Станислав дал ему четвертной, поймал Софью с бутербродами, приобнял ее на секунду — хотелось как-то выразить… передать хоть как-то… а-а, ничего невозможно было ни выразить, ни передать… «Ну, ты как, вообще, старуха?..» «Да ничего…» «Правда?» «Да ей-богу, ничего…» О чем можно было говорить? И зачем?.. Он отпустил ее хозяйничать, сел рядом в Владленом, размял «памирину», закурил. Он чувствовал себя здесь лишним, и это не огорчало его, а злило. Большинство присутствующих были ему несимпатичны. Он слушал их вполуха и раздражался, потому что говорили они — глупости и банальности (о бездарности, неумелости и слепоте гэбэшников), нервные глупости и колкие нервности — так же вот, вероятно, мыши у себя в подполье нервно рассуждают о тупой недалекости местного кота, только что сожравшего мадам Мышильду Двадцать Вторую… Ему хотелось вмешаться и спросить их: «Если они такие глупые и бездарные, то почему же это они вас отлавливают, а не вы их?» Впрочем, он понимал прекрасно, что вопрос его прозвучал бы так же нервно и глупо, как и все их рассуждения, да и не собирался он заступаться за господина Кота, он и сам был здесь мышью, и это сознание убивало в нем и корежило все естественное и превращало его в нечто, точно так же нервно хихикающее, мелочно-ядовитое и потирающее ручонки.

Ему было отвратительно, что из подсознания его все время лезла в сознание поганая мыслишка в адрес Семена: «Доигрался!

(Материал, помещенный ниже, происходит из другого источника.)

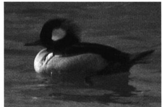
A striking duck, this apparent Bufflehead x Hooded Merganser hybrid was found at the Berkeley Marina, Alameda County, California 8 December 2006 but not reported thereafter.
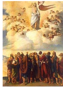
Ascension of the Lord
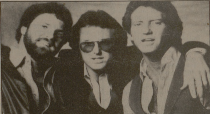
Larry Gatlin and the Gatlin Brothers Band will be performing in G. Rollie White Coliseum tonight at 8 p.m.

Battalion Staff Even if MSC Town Hall didn't give Larry Gatlin and the Gatlin Brothers Band all the gold in California, they are playing in G. Rollie White Coliseum tonight. Larry, Steve and Rudy Gatlin, natives of Odessa, have been performing and recording together since they were teenagers. The brothers delivered their first album for Sword & Shield Records, a gospel label based in Arlington, while still in their teens. The oldest Gatlin, Larry, is the lead singer for the group. He got his start in the business while on tour with a gospel group, the Imperials, in Las Vegas. On the tour, he met singer Dottie West. When he returned to Houston, he sent West a tape of eight of his original songs. She recorded several of them and since then his career has taken off. On the strength of his song writing talents, Larry became known throughout Nashville's music industry and began to play in small clubs. He also was recording with his brothers back home, and in 1972 they released the single "New York City," but the song remained virtually unknown.
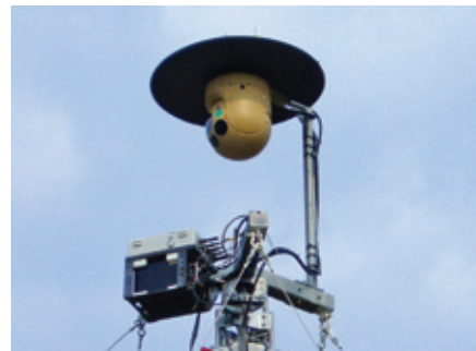
Star SAFIRE® III
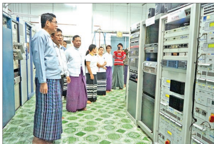
Deputy Minister U Aung Hla Tun inspects broadcasting equipment inside the TV retransmission station of Pyay District yesterday.

U Aung Hla Tun, Deputy Minister for Information, inspected the TV retransmission tower in Pyay and the Information and Public Relations Departments (IPRD) of Pyay and Thayawady districts yesterday.
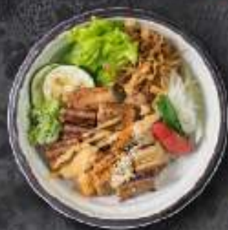
BUTA MISOZUKE YAKI DON (Grilled Marinated Pork Belly on the Rice Bowl) 98K*

ADDITIONAL MENU : Onsen Tamago 10K* | Natto 15K*
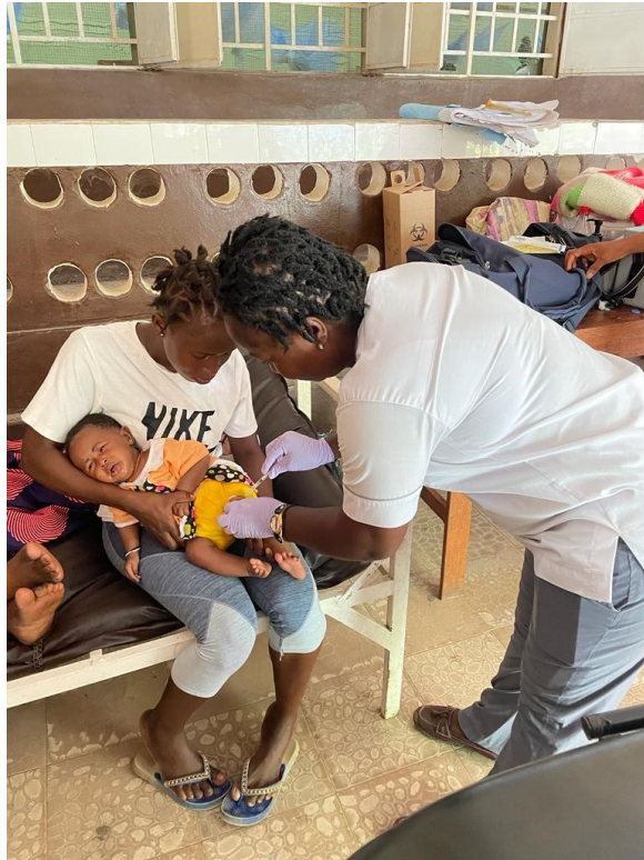
Child receiving a “marklate” from a nurse at the outpatients’ clinic

prevalent. Approximately 25% of deaths in children under 5 are due to malaria. BCH will add this to the immunisation program which vaccinates children under 5 against the major childhood diseases including Tetanus. (Every month there are still some deaths from neonatal tetanus, although numbers are declining with immunisation and safer birthing practices).
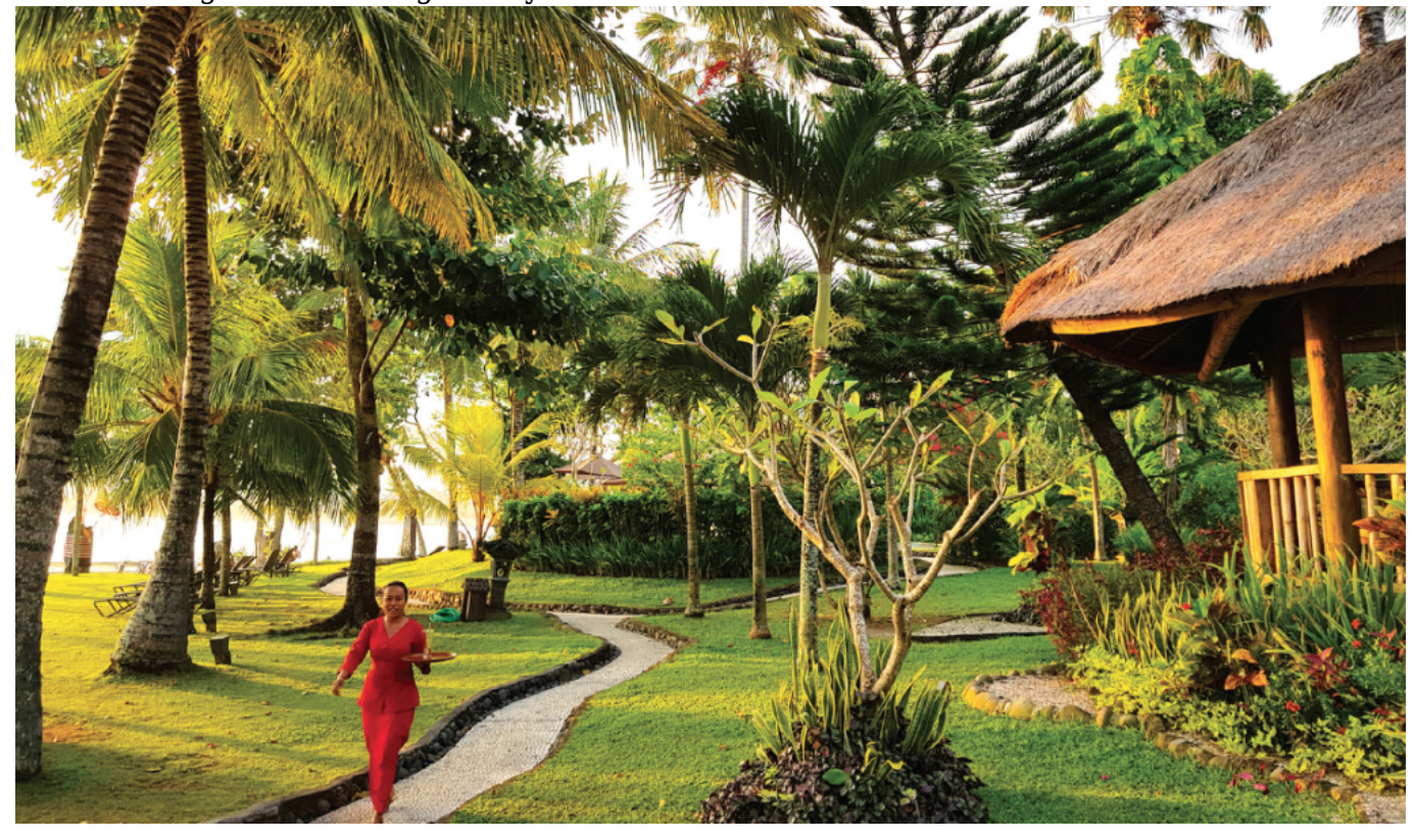
Puri Dajuma on Bali.
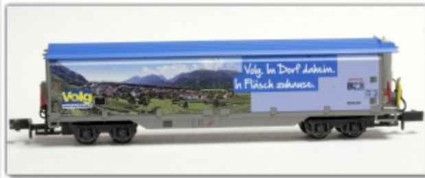
MD-61010.N: RhB Schiebewandwagen Haiqq-tuыз5174 Volg Motif Fläsch, Spur N, MDS-Modell

Sliding wall carriage Haiqq-tuыз 5174 VOLG 'VOLG. At home in the village.' Motif Fläsch N gauge (9mm) with N standard coupler or optionally Nm gauge (6.5 mm) with a Kato close coupler
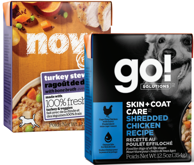
+ 100% of wet food in Tetra Pak® cartons
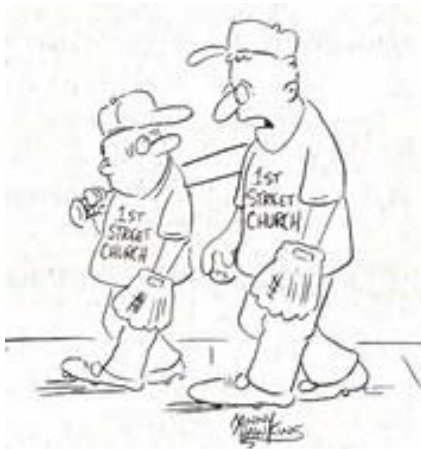
"Remember son, tonight we're playing legalists. There is no mercy rule."
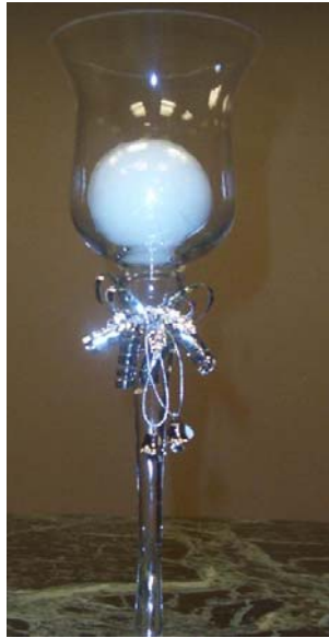
SCO2-325 Candle In Clear Glass
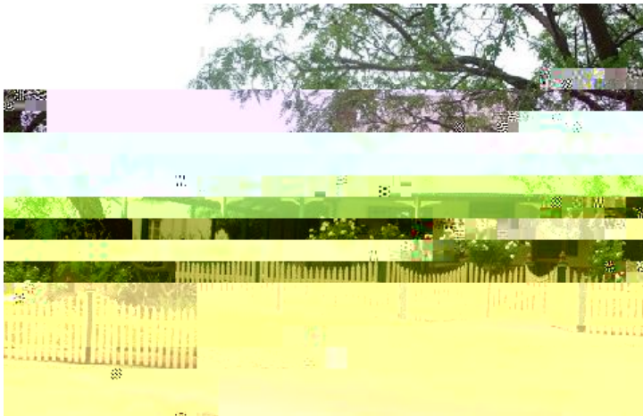
Photo Description: f$flfllžl 1 & 3# ~ / ( 4 ~ . 4 6" / ~ 0# °° 4" / 7" °° ~ ~ 1/8" 0 ~ , 2
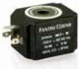
IM21D Control coil 12Vac 50/60Hz
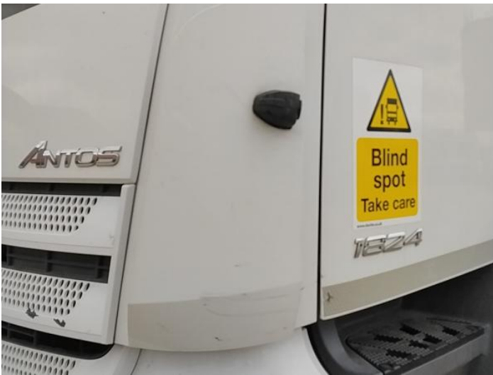
5: Wing nsf Scratched Over 25mm Thru Paint
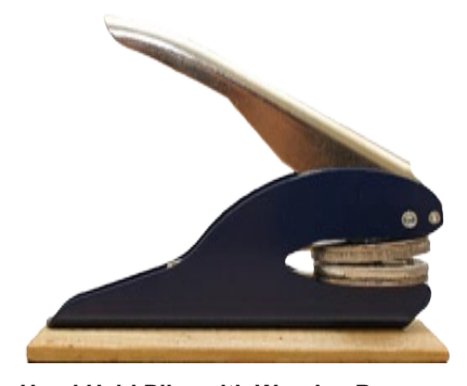
Hand Held Plier with Wooden Base
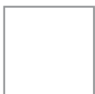
White RAL 9016
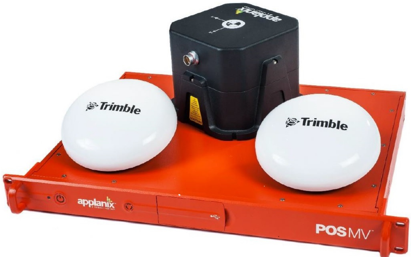
Figure 4: POS MV V5 system components: IMU, POS Computer System, and two GNSS antennas
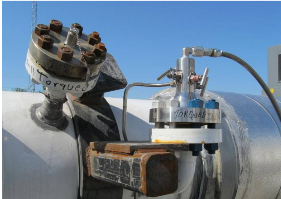
Figure 2. Wide base PT-1041 manifold installed at Seneca Fixed Speed station.
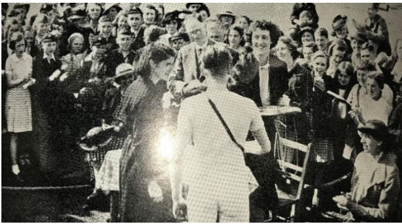
Trophy presentation at sports day
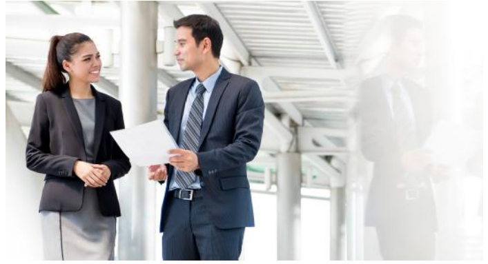
The ALIA-250 can take-off and land vertically.

Beta Technologies is a Burlington-based aircraft manufacturer with over 200 employees. Beta develops fully electric vertical takeoff and landing aircraft, as well as a charging network for the aircraft. Beta has partnered with Unither Bioelectronics , a subsidiary of United Therapeutics based in Québec, on the development of its autonomous airborne organ delivery system. United Therapeutics will act as an early adopter of Beta's Alia aircraft. Simultaneously, Beta has partnered with Montréal-based CAE , a world leader in simulation and training technologies for aerospace, to deliver a best-in-class training program for the Alia Aircraft.
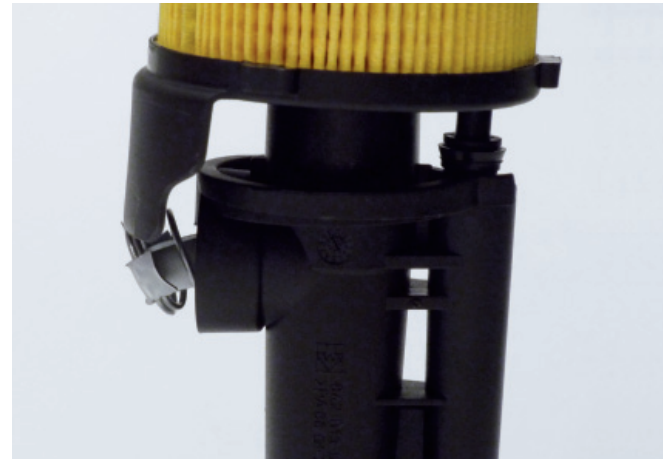
Figure 4: Detailed view of the damaged by-pass valve.

Another problem: the sharp plastic blade can come dangerously close to the by-pass valve in the housing, damage it, and put it out of action. This means: the by-pass valve, which should only be opened for short periods in certain situations, is now permanently open—and lets the unfiltered oil circulate (unnoticed!) continuously through the engine. The inevitable consequence is serious engine damage!
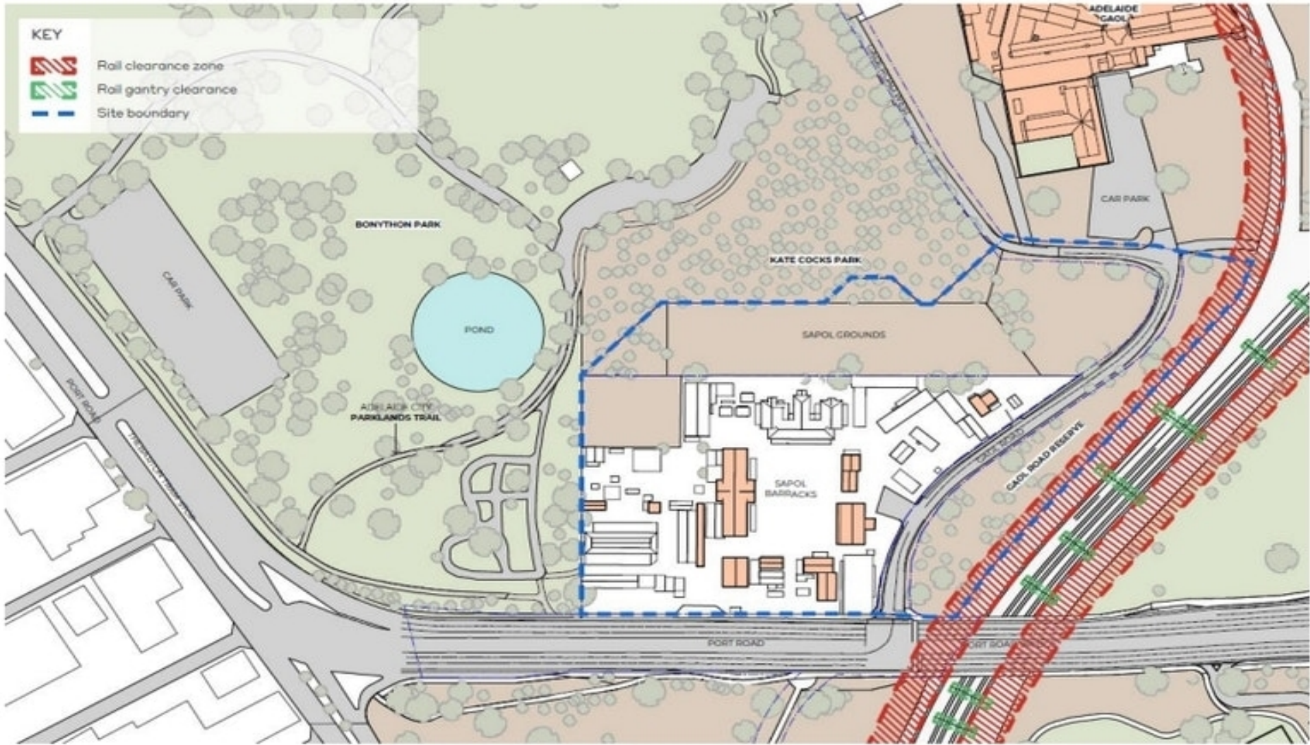
Rail Track Clearances
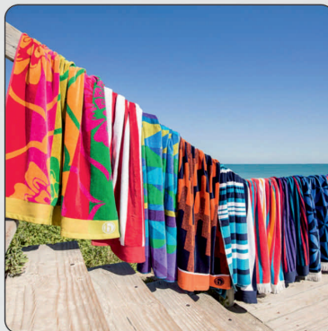
JACQUARD BEACH TOWEL (SHEARED VELLORE WASH)
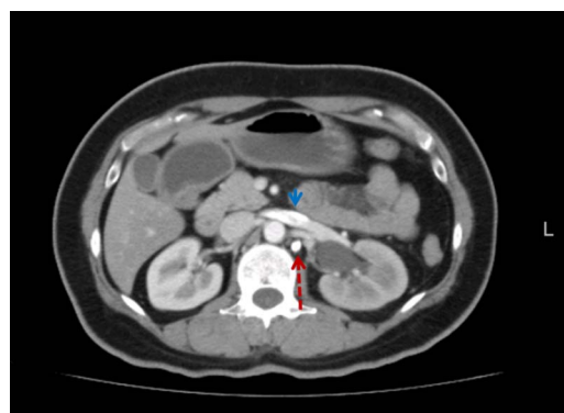
Figure 1 CT scan axial view showing increased contrast density in the hemiazygous (broken arrow) and renal vein (small arrow).

Postangioembolisation the patient remained stable. Her haematuria settled within 24 h of the
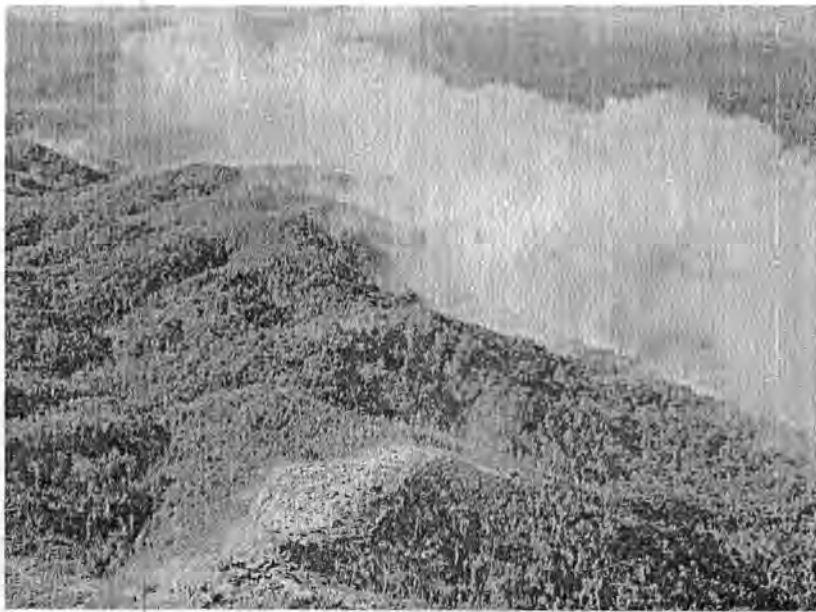
THE BIG CURTAIN—Smoke billows from the mountains as a screen for the evacuation of Firebase 29 near Dak To. The smoke was dropped by Air Force planes to hinder enemy rocket launcher teams shelling the firebase.
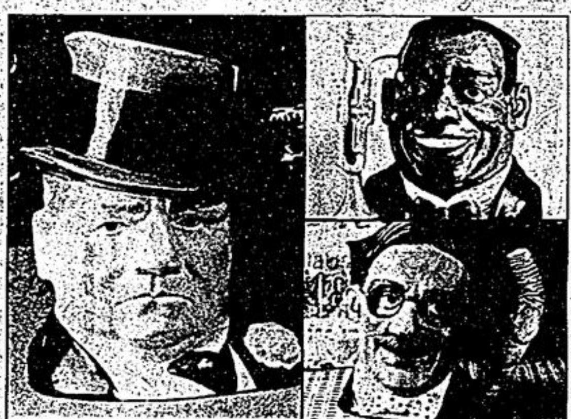
Celebrity Jugs by Royal Doulton are a charming change of pace from the usual Father's Day gifts. Colourful conversation pieces to accent his office or study. Come in and see this delightful collection. You might even launch a new hobby.
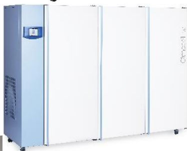
1212 (43 ft3)
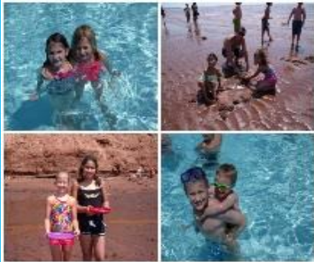
Children from Charlottetown's 2014 Summer Camp enjoy outings to the beach & pool!

We can't wait to spend the summer with you!
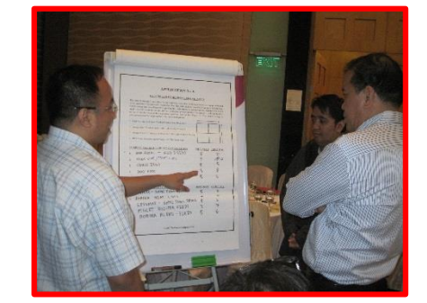
Small Team Applications
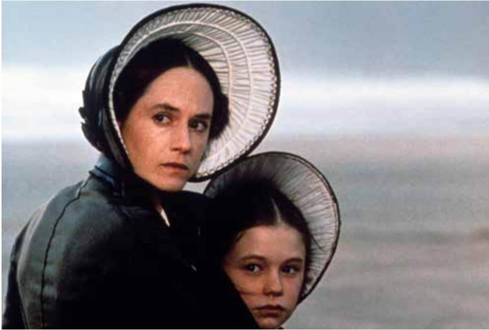
The mute Ada (Holly Hunter) and her daughter Flora (Anna Paquin).

ties of explaining to a composer what was desired, especially when directors often have little music knowledge. She recalls that “when composers discuss music with someone as primitive as myself, they have to talk about it in terms of senses and emotion, rather than keys and tempo. When I wrote the screenplay, even though the piano is an integral character, I heard no music in my head at all.” Campion let Nyman work and then asked if he could make a certain cue happier or sadder. After much deliberation, Nyman decided that Scottish folk songs would be a good inspiration, given that Ada was arriving from Scotland.
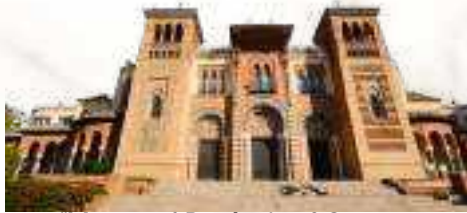
"Museum of Popular Arts & Customs."

Трепло зубатое, сто раз тебе говорено было: не трепись, заберут дурака…»

Ему было отвратительно, что он, как и все прочие здесь, чувствовал себя чуточку героем: вот я какой — не испугался, не дрогнул, пришел немедленно, без всяких колебаний, исполнил долг порядочного человека… невзирая ни на что… а ведь мог бы и отсидеться…

Ему было противно, что мысль о том, что он находится все время под тихим наблюдением, не покидала его, оказывается, с того самого момента, как он сел за руль и принялся мучить стартер «запорожа», не покидает она его и сейчас: что это там за белый «жигуль» стоял в кустах за домом? Никогда раньше не стояло там никаких машин…

Он сидел, прихлебывая крепкий, но пустой чай, который притаранила ему (по маминому наущению, разумеется) Сонюрка-младшая.

Народ вокруг оживленно галдел, обсуждалось, кому писать жалобу, какое письмо сочинить и кому дать на подписание, где и как раздобыть иностранных корреспондентов, которые вечно торчат в Москве, а в Питер их не заманишь никакой коврижкой… Слушать их всех было довольно противно, но особенно противен был один — незнакомый, толстенький молодой старичок, лысоватый, розовый, невыносимо амбициозный и авторитетный. Он звучно, всех заглушая, распространялся насчет подбора кадров в органы — «туда идут самые тупые, самые безнадежные, самые верноподданные… чего можно ждать от таких людей? Это же — армия, казарма, в самом крайнем своем проявлении: дисциплина, подчинение, оловянная исполнительность, никакой инициативы, ни в коем случае!..» «Да, — возражали ему, — но это же — машина, какие они ни есть, но они составляют единый хорошо отлаженный механизм…» «Да не может хорошо работать машина, собранная из плохих деталей!..» Тут Станислав не выдержал.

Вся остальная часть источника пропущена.